So i was reading MySQL innoDB, which apparently stores table data by default on a clustered Index (b+tree) based on primary key, and the tuples are in the leafs of that b+tree
https://blog.jcole.us/2013/01/10/btree-index-structures-in-innodb/
i was wondering do all the famous Relational DBMSes like PostgreSQL, Oracle, SQL server, SQLite, store it the same way? by making a clustered Index (b+tree) based on primary key and store data on the leafs of tree?
and does Clustered index on primary key in databases basically mean storing the table based on primary key on a B+tree table?
(sorry if this is a general question but i cant make 4-5 seperate questions asking the same for each of the databases i mentioned, if you only know about one or few of them please tell)
also if its a database does not use clustered by default, can you explain how does it structure the files, for example do they make a b+tree on primary key which the leafs point to some sort of address inside a heap or…?
EDIT :
so far we got the answers for all of them except SQLite, if anyone have any info on how tables are actually stored in SQLite by default please do tell.
Best Answer
No, not all. Lets take them one by one:
MySQL. MySQL has several "engines" and depending on what engine a table is defined to use, the storage is:
SQL Server: Yes, the default behaviour for tables that have a PK is to be clustered on the PK. This can be overridden though by declaring that the PK is
NONCLUSTERED
. You can also define another index (not the PK) to be the clustered index of the table. If the PK is deined asNONCLUSTERED
and none of the indexes is defined asCLUSTERED
, then the table is a heap. In recent versions, a 3rd option was added (besides clustered index and heap): columnstore which is a different way of organizing the table data.PostgreSQL: No. All the tables are heaps, period. You can create additional indexes of various types (btree, hash, gin, gist, brin, etc) but the table data are stored in a heap.
Oracle: No. By default the tables are heaps unless created as Index Organized Tables (Oracle's term for clustered indexes).
Additional clarifications about table data organization:
Clustered Index: There is a btee+ index - based on some column(s) - and the leafs contain the table's data.
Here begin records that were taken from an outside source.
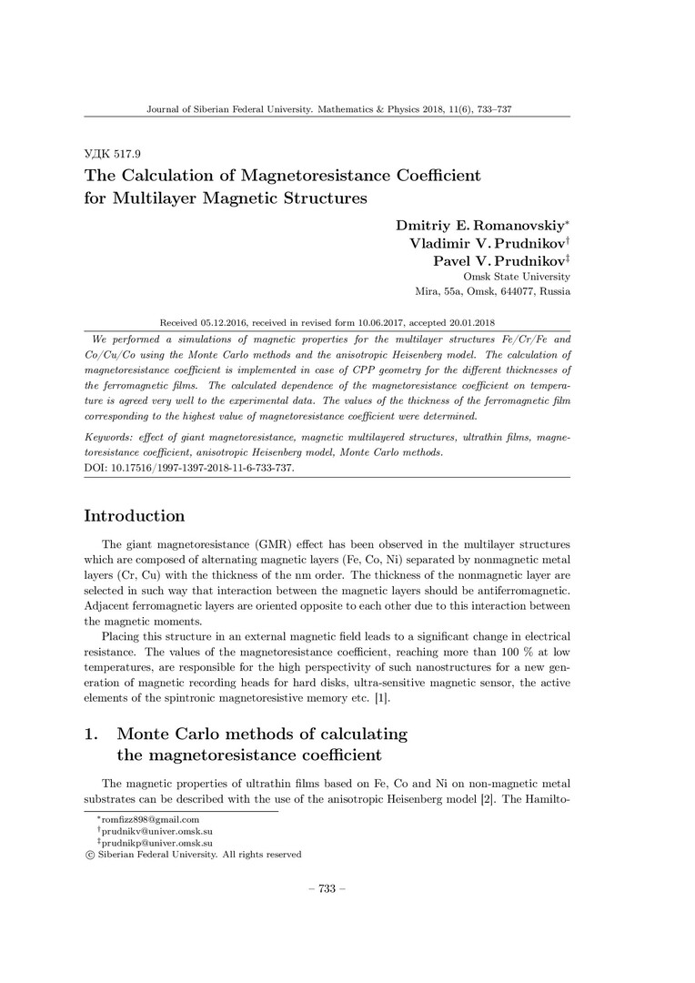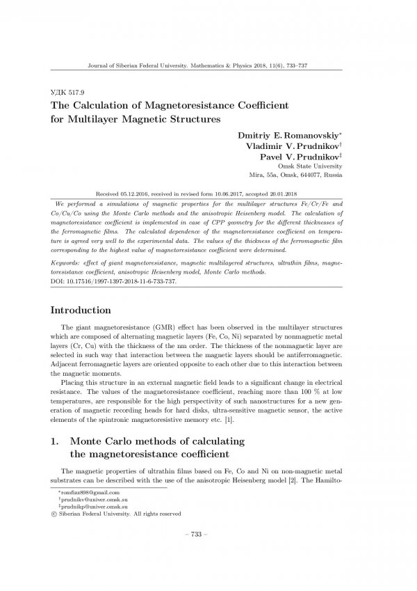 Библиографическое описание:Romanovskiy, Dmitriy. The Calculation of Magnetoresistance Coefficient for Multilayer Magnetic Structures = Расчет коэффициента магнитосопротивления мультислойных магнитных структур / D. E. Romanovskiy, V. V. Prudnikov, P. V. Prudnikov. - Текст : непосредственный // Журнал Сибирского федерального университета. Математика и физика. - 2018. - Т. 11, № 6. - С. 733–737. - Библиогр.: с. 736-737. - ISSN 1997-1397.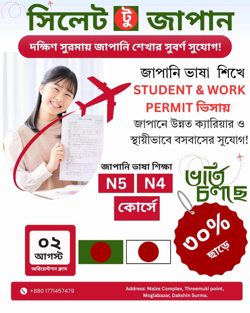 জাপানে ১ লক্ষ কর্মী নেবে! আপনি কি প্রস্তুত জাপানি ভাষা শিখে স্টুডেন্ট ও জব ভিসায় জাপান যান এখনই সম্প্রতি অধ্যাপক ড. মুহাম্মদ ইউনূস স্যারের জাপান সফর থেকে এসে বলেন বাংলাদেশ থেকে ১ লক্ষ দক্ষ কর্মী নেওয়ার ঘোষণা দিয়েছে এখনই সময় জাপানি ভাষা শেখার জাপানে পড়াশোনা, চাকরি কিংবা স্থায়ীভাবে বসবাস করতে চাইলে JLPT N5 & N4 কোর্সে ভর্তি হন আজই ফ্রি অরিয়েন্টেশন ক্লাস শুরু: ২ আগস্ট ২০২৫ (Saturday) সময় সকাল ও বিকাল ব্যাচ (দুই সময়েই ক্লাস) কোর্স: JLPT N5 & N4 বিশেষায়িত প্রশিক্ষক ও বাস্তবভিত্তিক শিক্ষাদান পদ্ধতি জাপানি ভাষা শেখার ৫টি বড় কারণ জাপানে স্টুডেন্ট ভিসা জাপানে চাকরির সুযোগ (TITP / SSW ভিসা) ইন্টারন্যাশনাল জব ভিসা বাংলাদেশে জাপানি কোম্পানিতে কাজ শিক্ষকতা – ভাষা ইনস্টিটিউটে ভর্তির জন্য প্রয়োজনীয় কাগজপত্র: NID/জন্ম নিবন্ধনের ফটোকপি ২ কপি পাসপোর্ট সাইজ ছবি কোর্স ফি জানতে যোগাযোগ করুন।Threemuki Point, Moglabaza যোগাযোগ: 01771457479 ENFOREX Human Resource Development Training Center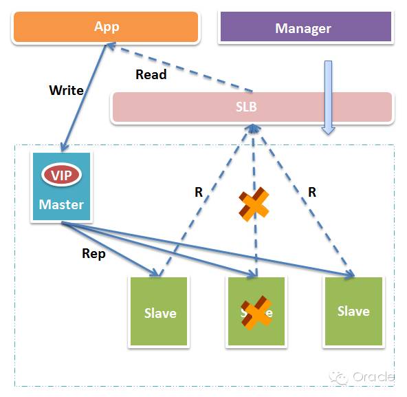 我们可以在 Slave 节点之上加一层 SLB 层,也就是做一下负载均衡,如下:
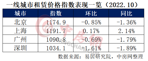近日,由易居企業(yè)集團(tuán)、上海易居房地產(chǎn)研究院、華東師范大學(xué)東方房地產(chǎn)研究院三方共同發(fā)布的《中國城市住房租賃價格指數(shù)報告》顯示,2022年10月,中國城市租賃價格指數(shù)為1022.5點(diǎn),較上月下降5.2點(diǎn),環(huán)比下跌0.50%,同比跌幅1.04%。
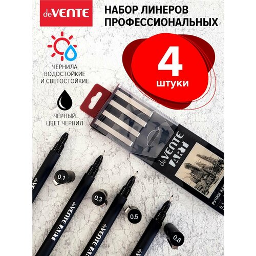 Набор капиллярных черных эстетичных ручек линеров " 4 шт, с разным диаметром пишущего узла, черные
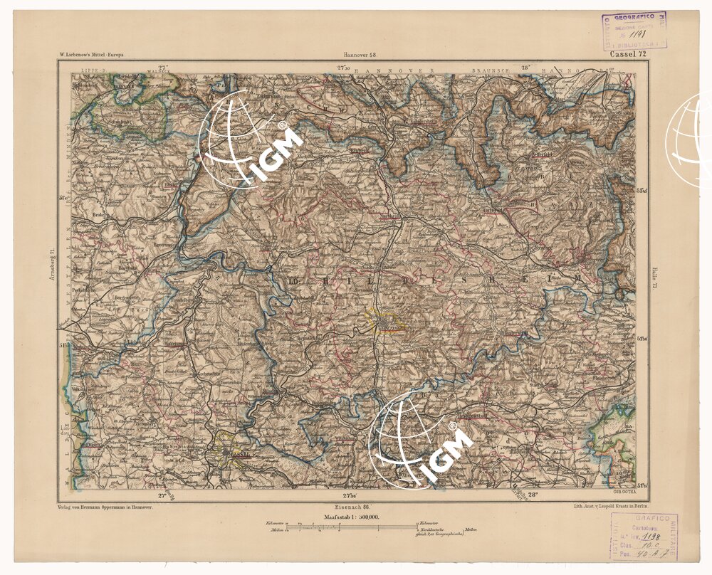 Rappresentazione orografica. Grafia in lingua tedesca. Edizione eluogo di edizione Hannover. Autore: Liebewnow.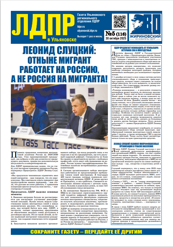 Уважаемые жители Ульяновска! Вышел очередной номер региональной газеты "ЛДПР в Ульяновске"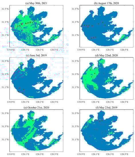 To better find the error sources in the detection results, we mapped the correctly classified and misclassified points on a day together. Through the observation, we discovered that the misclassified points mostly appear near the edge of the actual cyanobacteria bloom-covered zone. On 30 May 2021, cyanobacteria accumulated and covered almost the entire lake (Figure 7a). On this day, 11 CYGNSS points were available in the test dataset, and they all correctly classified as positive for the existence of cyanobacteria bloom, showing the great accuracy of the proposed method. On the days that nearly no cyanobacteria bloom occurred, such as 17 August 2020 (Figure 7b), the detection results are also satisfactory, and mistakes are seldom seen in this situation. Therefore, we conclude that the detection accuracy of this method is reliable when the surface condition is rather uniform (no cyanobacteria bloom or massive coverage). As Figure 7c shows, our method also shows the ability to identify the cyanobacteria bloom zone to a certain degree when a small amount of cyanobacteria bloom exists. Misclassification usually occurs when the lake is partially covered by cyanobacteria bloom. We take 22 May 2019 and 11 October 2020 (Figure 7d,e) as examples where half of the total points are classified incorrectly (3/7 and 4/8, respectively). By inspecting the misclassified point locations with the cyanobacteria bloom area on that day, the misclassified points usually are located not far away from the cyanobacteria bloom zone, which covers a considerable area of the lake. We speculate that the probable reason for it is that the cyanobacteria bloom zone nearby not only limits the wave height in the zone itself but also the surrounding area, even the whole lake. Although this situation is a kind of misclassification, it does not influence the application value of this method seriously, as it can detect the possible cyanobacteria bloom existence in the lake, especially for some real-world applications, where exact edge information is not required. Relative to optical remote sensing data, it has progressed a lot since this method can warn of the dangers of cyanobacteria bloom occurrence during overcast weather, but optical data are not accessible. Another kind of misclassification is from the confusing weather conditions. On 23 May 2019 (Figure 7f), most points are judged incorrectly (11/13). On this day, only some parts of the lake surface are covered by cyanobacteria bloom, but the average wind speed near the SPs is mostly less than 3 m/s, leading to coherent reflection from the lake surface, while the average wind speed ten days before the day is around 3.5 m/s. The average temperature is more than 21 °C, and the average atmosphere pressure is around 1010 hpa on the observing day and ten days before, which are generally suitable for the growth and gathering of cyanobacteria, but not much cyanobacteria bloom actually emerges. This phenomenon is not usual in the research period. It needs to be pointed out that despite the involvement of meteorological factors successfully reducing the misclassification to a large extent, they still cannot overcome it completely. More countermeasures remain to be proposed in the future to further decrease the misclassification rate of GNSS-R algal bloom detection.
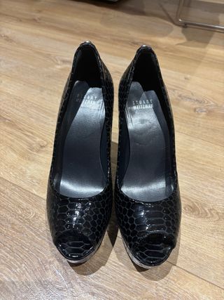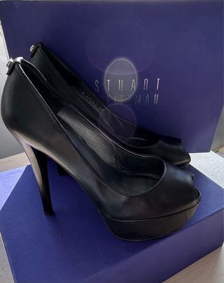 Zapatos originales Stuart Weitzman en talla 39. Piel negra, tacón alto. Solo se han usado en dos ocasiones, están prácticamente nuevos. Muy cuidados, siempre guardados en su caja. Estado excelente, sin marcas de uso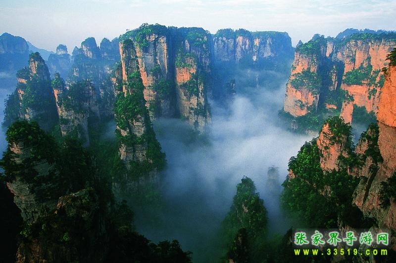 第二天早上,我們參觀了袁家界的風(fēng)景,其中最有名的當(dāng)然數(shù)天下第一橋,這是由兩座巖石山的山頂自然生長(zhǎng)在一起,非人所能為也。天下第一橋的稱號(hào)當(dāng)之無(wú)愧啊。當(dāng)然在袁家界,后花園也是不能不看的。張家界號(hào)稱“峰三千,水八百”,在這里你就能明顯的感覺(jué)到這句話的前半句是那么的實(shí)在??赐陱埣医绲暮诵脑医?,我們乘車到了天子山(張家界景區(qū)內(nèi)的最高的地方)。玩了賀龍公園、御筆峰、仙女散花、西海、石船出海、仙人橋、天子廟、十里畫廊、一步難行。不巧的是,那天山上下了一點(diǎn)陣雨,雨后一條彩虹掛在天上,更重要的是山上起了一點(diǎn)霧,使整座山都籠罩在霧中,若隱若現(xiàn),看上去就象是在云海中,好象老天特地配合我們似的,難得一見(jiàn)的西海等正好被我們趕上了。江導(dǎo)告訴我們,這樣的機(jī)會(huì)是很難得的,可能是張家界為了感謝我的再次到來(lái),給了我一個(gè)特別的禮物吧。我大笑。晚上趕到昨天住的地方去住宿。不提。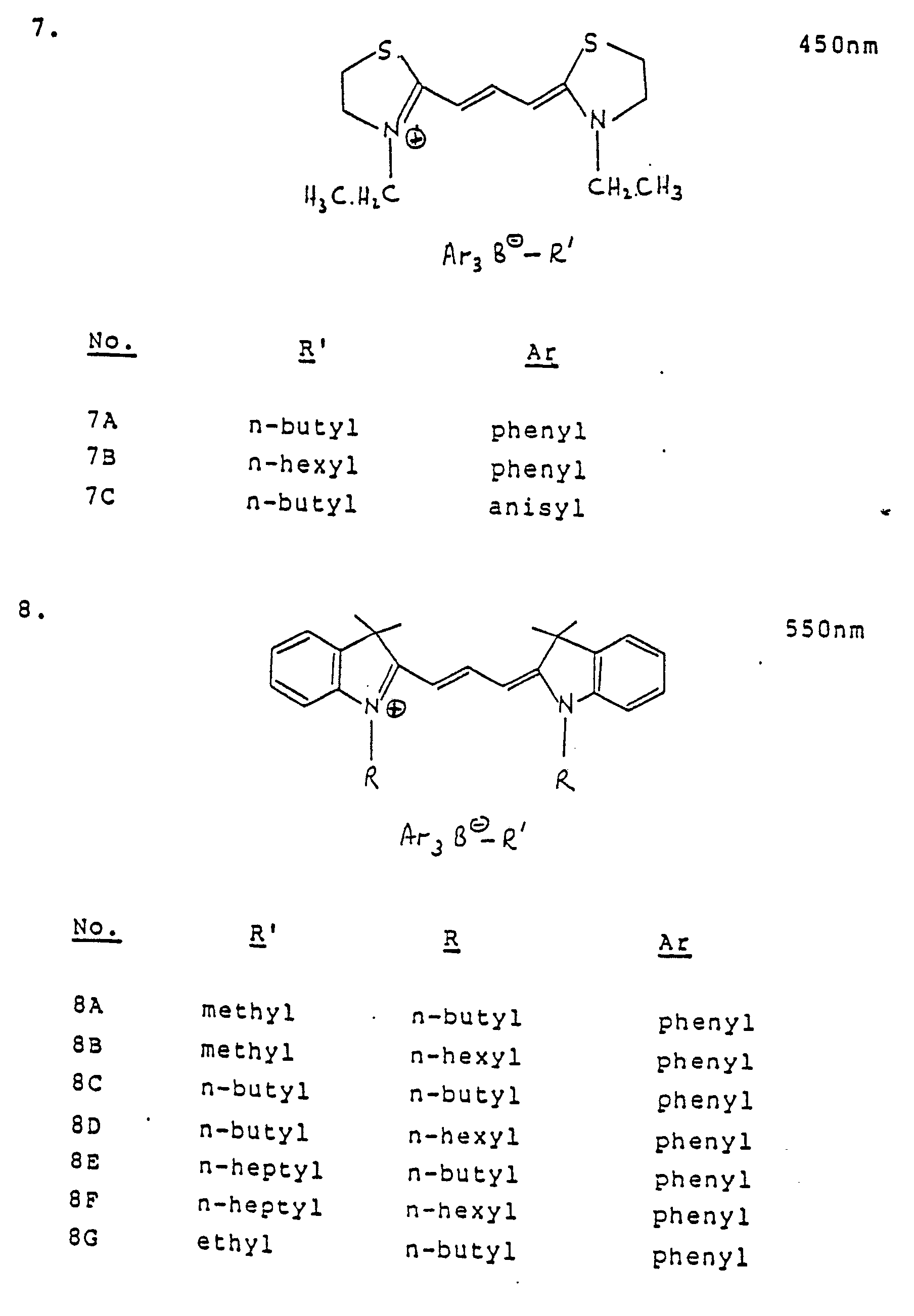The mechanism whereby the compounds absorb energy and generate free radicals is not entirely clear. It is believed that upon exposure to actinic radiation, the dye ion is excited to a singlet state in which it accepts an electron from or donates an electron to the counter ion. For a cationic dye-borate anion compound, this can be illustrated by the following equation:
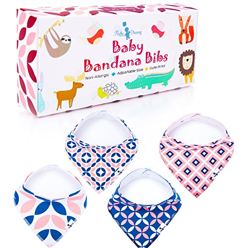 -. Binding : Apparel -. Brand : Fluffydreamz -. Color : Pink -. Department : unisex-baby -. EAN : 0748079805262 -. Feature : MOM's FAVORITE BABY BANDANA DROOL BIBS in the handy 4 pack gift set. These are well made, soft ,safe for baby, and have the loveliest P.R.Ints and colors we've seen. Stylish baby pink and blue colors combine with innovative modern yet traditional P.R.Ints. Comes in attractive Gift Box with cute animal illustrations. / * NON-ALLERGENIC 100% ORGANIC COTTON that is very absorbent. Keeps baby dry and free of skin irritation. Helps safeguard against rashes while relieving and soothing red irritated skin. Just what you need for teething and drooling babies. BONUS EBOOK - How to Raise a Healthy Child / MAKES MEAL TIME FUN with these lovely designs while effectively protecting baby's nice clothes. You'll get a lot more wear without having to wash so often. Adjustable Nickel-Free Snaps lets you put the bibs on baby in one second while making sure he or she gets a perfect, custom fit. Designed for 3 months all the way to 6 years. / DRESS UP AN OUTFIT with these stylish bibs. Just what you need when taking baby for a quick trip to the store, to library story time, to Grandma's house, or over to play with friends. These have an elegant design that makes your baby chic and fashionable wherever she or he goes. / 100% MONEY BACK GUARANTEE ensures this will quickly become your favorite no-risk purchase. Simply return unused. Many people are stocking up with 2 or 3 sets so they always have plenty of premium quality bandana bibs on hand. HURRY AND BUY NOW while we have this very popular bib set in stock. This makes a great gift for baby showers, baby birthdays, and just because you love baby so much. Wonderful for friends, family, and co-workers - anyone with a baby or small child! -. IsAdultProduct : 0 -. NumberOfItems : 4 -. PackageQuantity : 1 -. ProductGroup : Baby Product -. ProductTypeName : BABY_PRODUCT -. Size : Medium -. Title : Fluffy Dreamz : Pink Baby Bandana Drool Bibs 4 Pack for Girls. Absorbent Organic Cotton for Drooling & Teething. Non-Allergenic, Adjustable Size, Colorful Patterns, Attractive Gift Box + Ebook -. UPC : 748079805262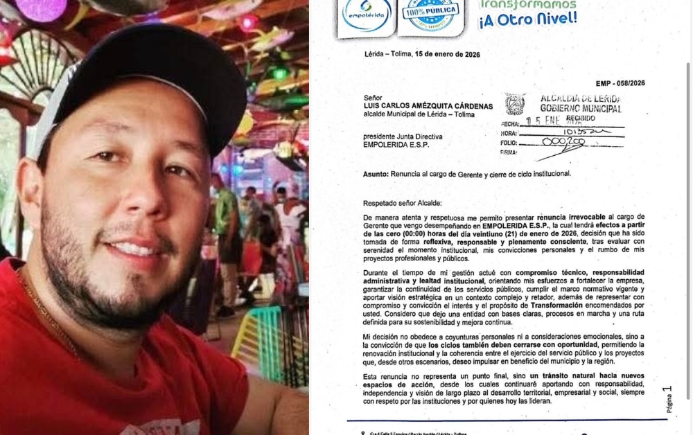 La renuncia fue formalizada mediante un documento radicado el 15 de enero ante la Alcaldía de Lérida y la Junta Directiva de la empresa, presidida por el alcalde municipal, Luis Carlos Amézquita Cárdenas. En el oficio se establece que, hasta la fecha efectiva de su retiro, Ortiz Céspedes continuará ejerciendo sus funciones con normalidad.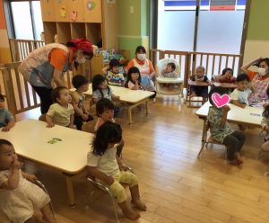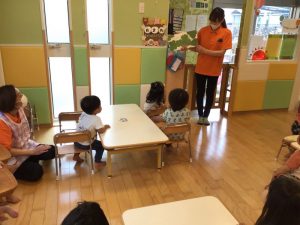 この日は、もも組のお友達の絵本を借りて読み聞かせをしましたよ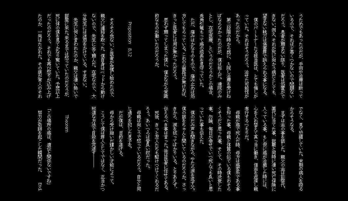 死について、何かこう、面白いアプローチは無いものか、と考えてこうなった。

Heap: There is no btree index for the heap (other indexes like the PK may still use a btree). The data are stored as unordered lists of records. When a new row is inserted, it is usually added in a disk page with available space. Rows are referenced by some special
Page/RowID
(the details are implementation dependend and surely differ from DBMS to DBMS), so other indexes will include this reference.Columnstore: Types of structure where data are stored as columns rather than rows.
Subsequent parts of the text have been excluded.